Kamila menatap langit-langit dengan mata lelah. Ia tak tahu sudah berapa lama terjaga. Di luar, suara motor sesekali melintas, dan tetesan air dari talang yang bocor menambah suasana muram.

Ia menarik napas panjang, mencoba menenangkan diri, tapi pikirannya tetap berlari liar.

Kata-kata Sinta tentang Arsen yang akan keliling ke semua lantai membuatnya tak bisa tenang.

“Inspeksi,” gumamnya pelan. “Atau… alasan untuk mengawasi aku?”

Bayangan Arsen terlintas lagi di benaknya: cara pria itu menatapnya di lift, bagaimana bibirnya menegang tapi matanya tetap tenang, nyaris tanpa emosi. Ada sesuatu yang menakutkan dari ketenangan itu — sesuatu yang membuat darah Kamila selalu dingin setiap kali mengingatnya.

Ia menarik selimut ke atas, tapi tak juga merasa hangat. Rasa aman yang dulu sederhana kini terasa mustahil.

Jam di dinding menunjukkan pukul dua lewat tiga belas menit ketika Kamila akhirnya bangun. Ia menuju dapur kecil di pojok kamar, membuat teh hangat, lalu duduk di dekat jendela yang berembun. Dari situ, ia bisa melihat cahaya lampu jalan yang buram oleh hujan.

Ponselnya bergetar di meja. Satu pesan masuk.

Nomor tak dikenal,

“Besok datang kerja lebih pagi. Kita perlu bicara.”

Kamila membeku. Ia mengenali cara bicara itu — singkat, tanpa tanda tangan, tanpa salam. Arsen.

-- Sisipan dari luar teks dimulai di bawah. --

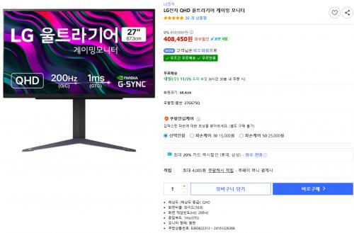 [쿠팡] 엘지 울트라기어 27GS75Q (408,450원/무료)
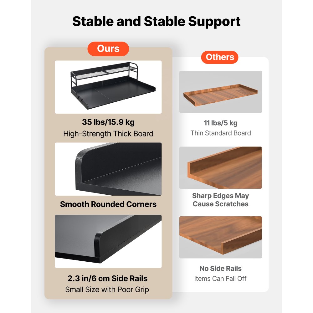 Αριθμός μοντέλου αντικειμένου: DX0202-C250400S-01Χωρητικότητα φορτίου: 250 λίβρες/113 κιλάΎψος ραφιού: 34,2 εκ.Διαστάσεις εσωτερικού άνω μέρους ραφιού: 52,7 x 9,5 ίντσες/134 x 24,2 εκ.Ύψος πάνελ ραφιού: 5 εκ.Ύψος κιγκλιδώματος: Πλευρικά πάνελ 2,3 ίντσες/6 εκ., Πίσω πάνελ 3,9 ίντσες/10 εκ.Κύριο υλικό: Μοριοσανίδα βαθμού P2 0,59 ίντσες/15 mmΧρώμα: ΜαύροΔιαστάσεις προϊόντος: 53,9 x 27,5 x 16,5 ίντσες/137 x 69,9 x 41,9 εκ.

Tenggorokannya terasa kering. Ia menatap layar lama sekali, jantungnya berdetak cepat. Jari-jarinya hampir menekan tombol “hapus”, tapi rasa penasaran bercampur takut membuatnya justru menyimpan pesan itu.

“Apa maksudnya?” bisiknya.

Tidur malam itu tak pernah datang.

Pagi berikutnya, Kamila datang ke hotel lebih awal seperti biasa. Langit masih abu-abu, aroma lantai yang baru dipel dari lobi menyengat. Ia mencoba bersikap seperti tak terjadi apa-apa.

Namun langkah-langkahnya terasa berat.

Di ruang staf, hanya ada suara mesin dispenser dan dengung AC. Kamila mengganti seragam, lalu mengecek papan jadwal. Namanya tertulis di kolom lantai 25 — sama seperti pesan semalam.

Jantungnya terasa berhenti sesaat. Ia berdiri mematung di depan papan itu, mencoba menenangkan diri.

Sinta masuk sambil membawa roti. “Mil, kamu pagi banget. Belum sarapan?”

Kamila menelan ludah. “Nggak, tadi udah di kos.”

“Lantai 25 ya?” Sinta menunjuk papan. “Wah, itu lantai khusus tamu VIP. Hati-hati, ya. Jangan sampai salah bersih-bersih, soalnya kemarin ada tamu ngeluh, Pak Arsen marah banget.”

Nama itu membuat tengkuk Kamila kembali tegang. “Oh…” hanya itu jawabannya.

Setelah Sinta pergi, Kamila berlama-lama menatap refleksinya di kaca kecil loker. Wajahnya pucat, mata di bawah kelopak sudah berbayang. Ia menarik napas panjang, lalu mengambil alat kebersihan.

Lift menuju lantai 25 terasa seperti ruang penyiksaan. Musik lembut di dalamnya tak membantu sama sekali. Pintu lift terbuka perlahan, menampilkan lorong sepi dengan karpet merah tua dan lampu temaram. Tak ada suara apa pun kecuali dengung pendingin ruangan.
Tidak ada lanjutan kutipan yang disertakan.